Synaptic currents mediated by NMDA receptors in astrocytes. Astrocytes in layer II of the slice were identified by EGFP fluorescence; electrical stimulation was in layer IV. A, Synaptically evoked currents are inhibited by MK-801 (10 μm), and the residual current is partially blocked by dl-TBOA (100 μm). The dl-TBOA-sensitive component obtained by subtraction is shown in the inset. B, In the presence of dl-TBOA (100 μm), NBQX (30 μm) has no effect on the peak synaptic current, which is then almost completely blocked by MK-801 (10 μm). Each point on the time graphs represents the mean ± SEM for five EPSCs; illustrative EPSCs are shown below. Note that the tail current was mostly blocked by dl-TBOA, whereas the initial peak current was unaffected by NBQX but blocked by MK-801. C, Current–voltage relationship for a typical astrocyte (voltage steps of 20 mV from −100 to +60 mV; holding potential, −80 mV). Amplitudes were normalized to the value measured at 0 mV (I_norm). Each point represents the mean ± SD for seven cells. D, Selective inhibition of peak and tail current by MK-801 and dl-TBOA. MK-801 (10 μm) and dl-TBOA (100 μm) were applied separately to different astrocytes as illustrated in A and B. The peak (I_peak) and tail (I_tail) of the current were averaged within the 20 ms time window as indicated in the bottom panel of B; error bars are mean ± SEM. The amplitudes were normalized to the values of I_peak, I_tail, and I_peak − I_tail before drug application.
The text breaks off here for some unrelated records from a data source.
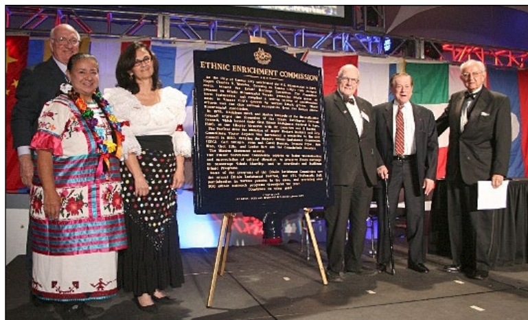
Members of the Ethnic Enrichment Commission accept the marker at the Outstanding Kansas Citian Gala.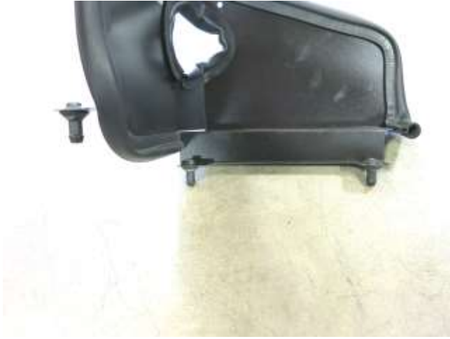
d. Install the bolts and air box mounts to the heat shield as shown.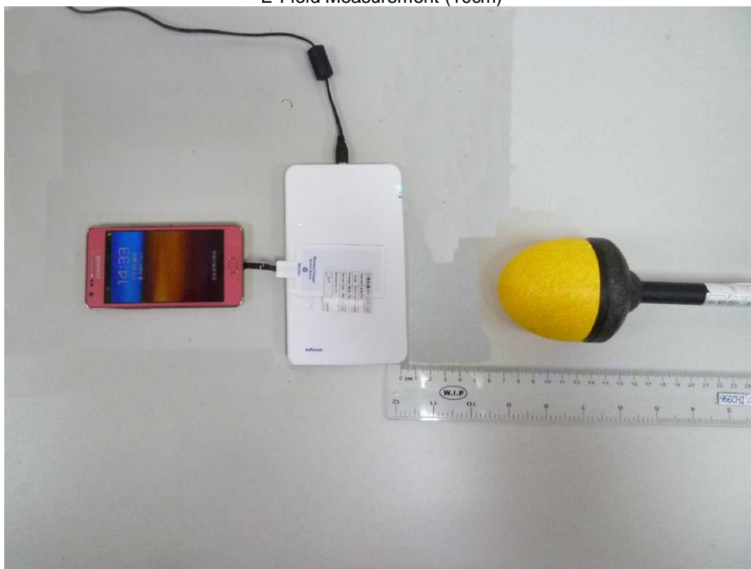
E-Field Measurement (10cm)

E, Voltage dependence of synaptic currents in astrocytes. Note the reversal close to 0 mV and the almost linear relationship between current and voltage. Currents were recorded in the presence of NBQX (30 mm) and dl-TBOA (100 mm). I_m, Amplitude of membrane current.

Figure 8.

Inhibition of AMPA receptor desensitization reveals the NBQX-sensitive synaptic current component that appears in astrocytes. Top, Time course of synaptic current recorded in an astrocyte identified in neocortical layer II by GFEP fluorescence. Each point represents the mean ± SEM for five EPSCs. Bottom, Illustrative currents recorded in control and after consecutive application of d-AP-5 (30 μm), cyclothiazide (50 μm), and NBQX (30 μm). The NBQX-sensitive current was obtained by digital subtraction of currents recorded before and after application of NBQX. The NBQX-sensitive current had a rise time of 16 ± 8 ms and decay time of 280 ± 90 ms (n = 6).

Figure 9.

Miniature spontaneous excitatory currents in cortical astrocytes are mediated by AMPA and NMDA glutamate receptors. A, Representative whole-cell recordings in control and after application of NBQX (30 mm). The right panels represent generalized waveform of spontaneous currents (average of 50 events). The bottom graph shows probability density function of spontaneous currents in control (solid line) and in the presence of NBQX (dots). B, Representative whole-cell recordings from astrocytes in cortical slice in control and after application of d-AP-5 (30 μm). The right panel shows a generalized waveform of spontaneous currents (average of 50 events). The bottom graph shows probability density function of spontaneous currents in control (solid line) and in the presence of d-AP-5 (dots). All recordings were made at a holding potential of −80 mV in the presence of TTX (1 μm), picrotoxin (100 μm), and dl-TBOA (100 μm). Note the significant decrease in the amplitude of spontaneous current as well as leftward shift of amplitude distributions under action of glutamate receptor antagonists.